[Task goal] Return nothing but the lines from the one with "Женщина, упавшая на" through the one with "然而,值得关注的是,2024" in the data below, word for word and without pictures.

(Items from a data source)

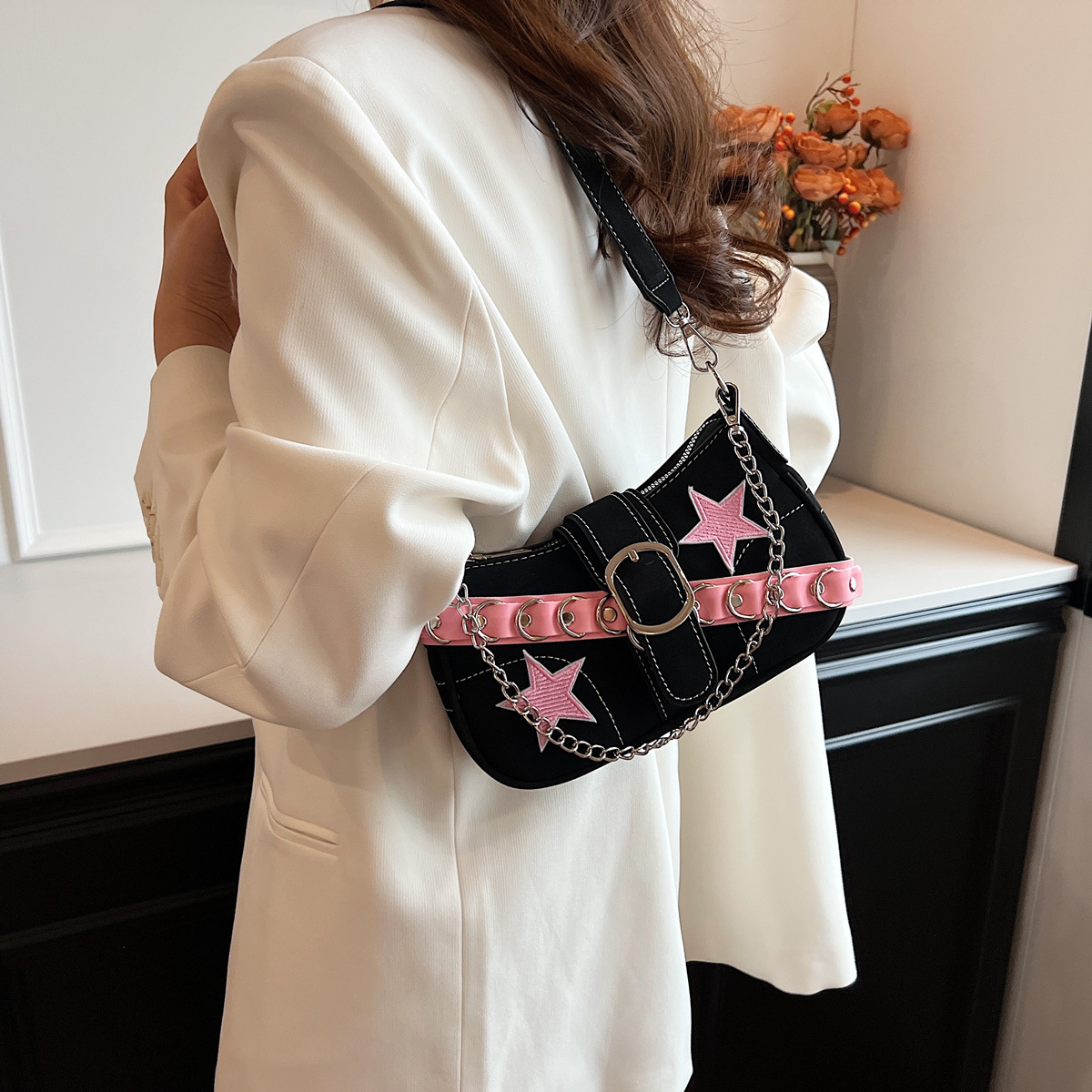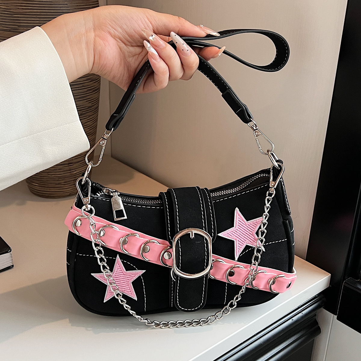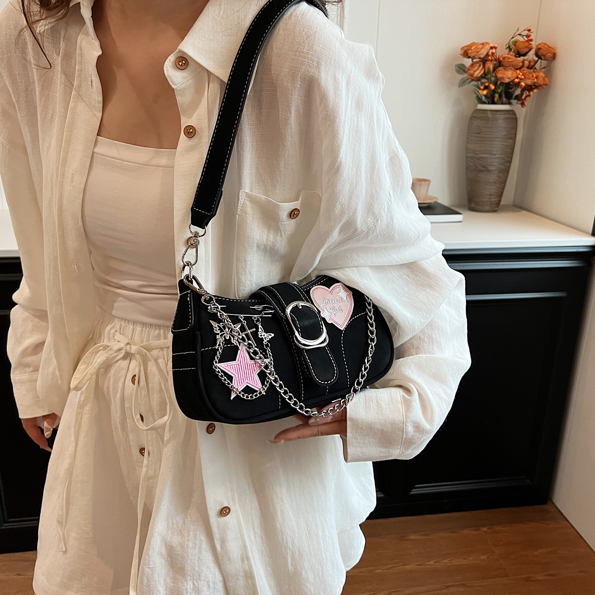 | nameOriginal | Niche Design Chain Color Contrast Shoulder Underarm Small Bag Women's 2024 Summer New Sweet Cool Spice Girl Style Crossbody Bag |
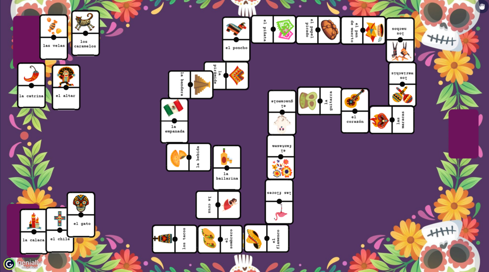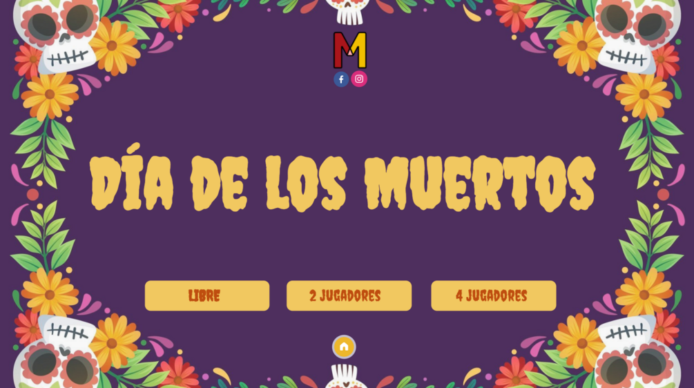 Dominó de Halloween en español, francés y inglés. Día de Muertos en español. Se puede usar en modo libre, dos y cuatro jugadores.
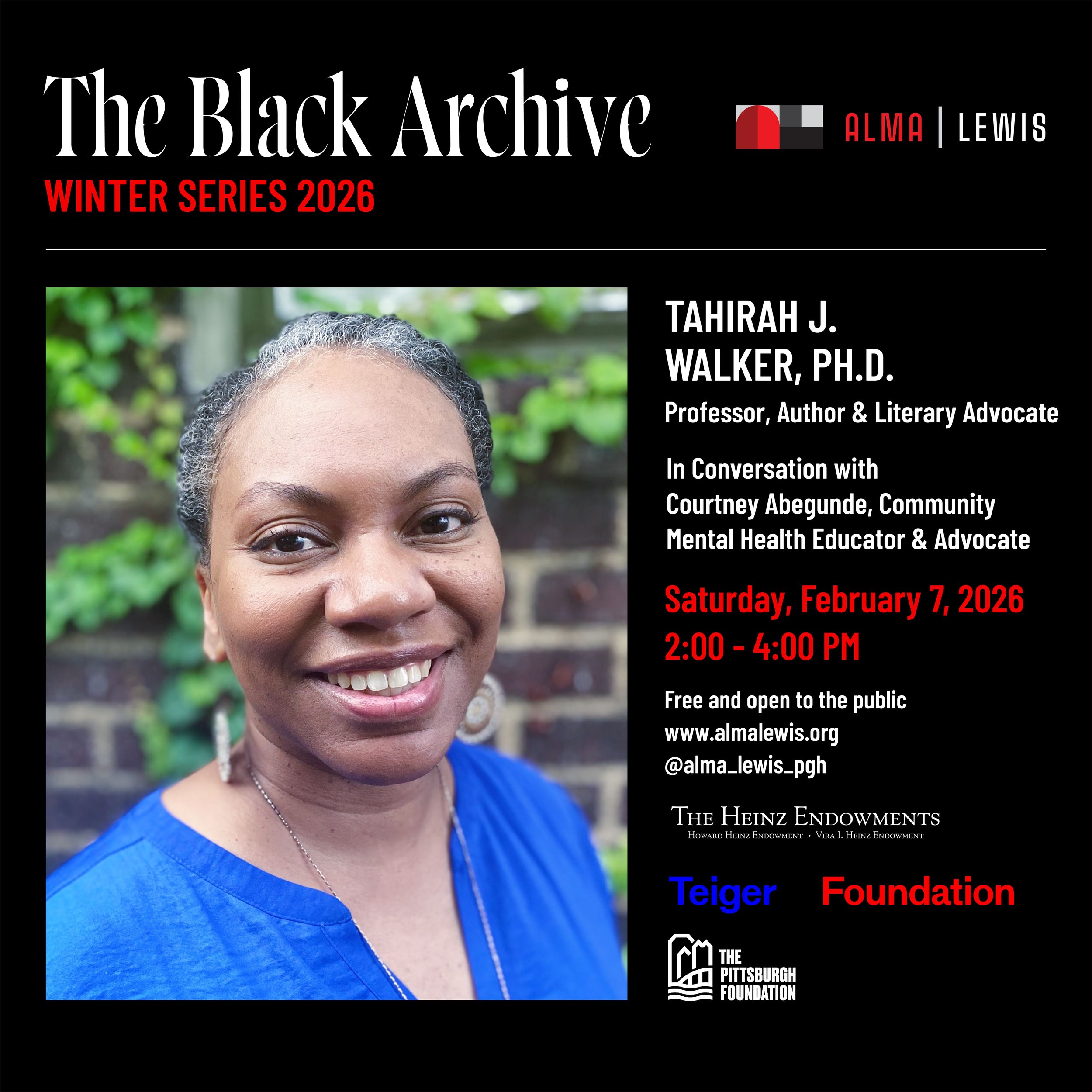 ALMA | LEWIS (A | L) introduces The Black Archive Series Winter 2026, a speaker series centering artists, writers, and scholars whose work engages Black culture, memory, and creativity. The inaugural series will feature cultural worker, poet, and author Lissette Norman; professor, author, and literary advocate Tahirah J. Walker, Ph.D.; and multidisciplinary artist and filmmaker Shikeith. Their conversations will be guided by creative, writer, and educator Kleaver Cruz; community mental health educator and advocate Courtney Abegunde; and artist Pierre London Williams.
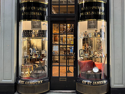 Also in the Piccadilly Arcade, The Armoury of St. James's deals in ceremonial and royal presentation items and historic objects.   Emmett London outside on Jermyn Street displayed shirts with a 1960's "Flower Power" look.
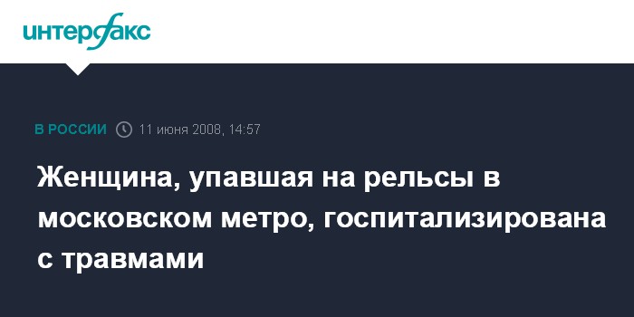 Женщина, упавшая на рельсы в московском метро, госпитализирована с травмами
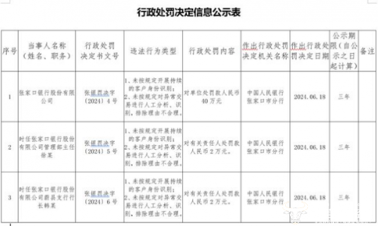 然而,值得关注的是,2024年6月24日,据中国人民银行河北省分行消息,张家口银行因未按规定开展持续的客户身份识别;未按规定对异常交易进行人工分析、识别,排除理由不合理被罚款40万元,作出行政处罚的决定日期为2024年6月18日,公示期为三年。
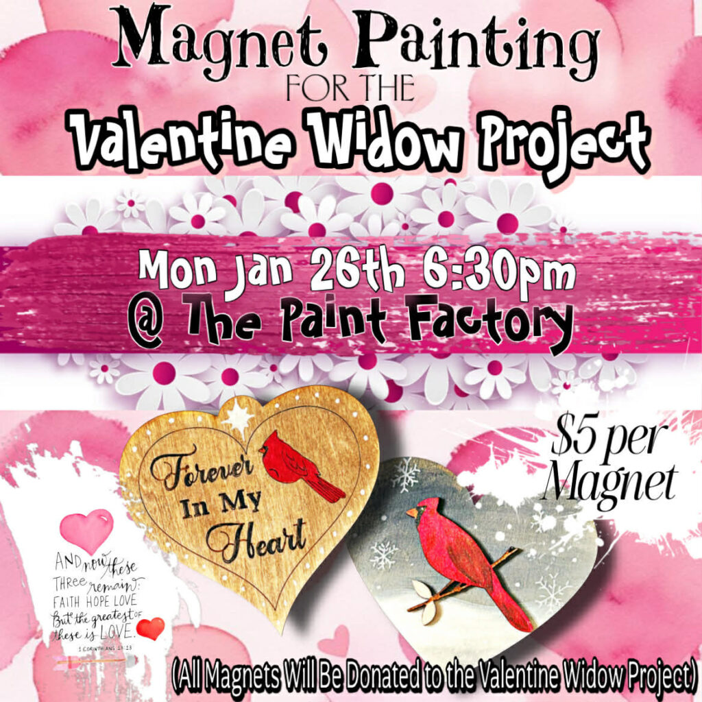 We are excited to be teaming up with The Valentine Widow Project for the 4th year in a row but this time we wanted to get our community involved…So we’re hosting a Valentine Widow Outreach on Mon Jan 26th at 6:30pm where we’ll be painting magnets together to donate to the Valentine Widow Project. Once painted, these handmade magnets will be donated to widows/widowers as a small reminder that they are seen, loved, and remembered this Valentine’s season. The $5 registration fee covers your first magnet (but we will have additional magnets available the night of the event at $5/each…paint as many as you like…we have a goal of painting 300 magnets this evening which will all be donated so we hope you can join us!).

[Written reply]
 Женщина, упавшая на рельсы в московском метро, госпитализирована с травмами
 然而,值得关注的是,2024年6月24日,据中国人民银行河北省分行消息,张家口银行因未按规定开展持续的客户身份识别;未按规定对异常交易进行人工分析、识别,排除理由不合理被罚款40万元,作出行政处罚的决定日期为2024年6月18日,公示期为三年。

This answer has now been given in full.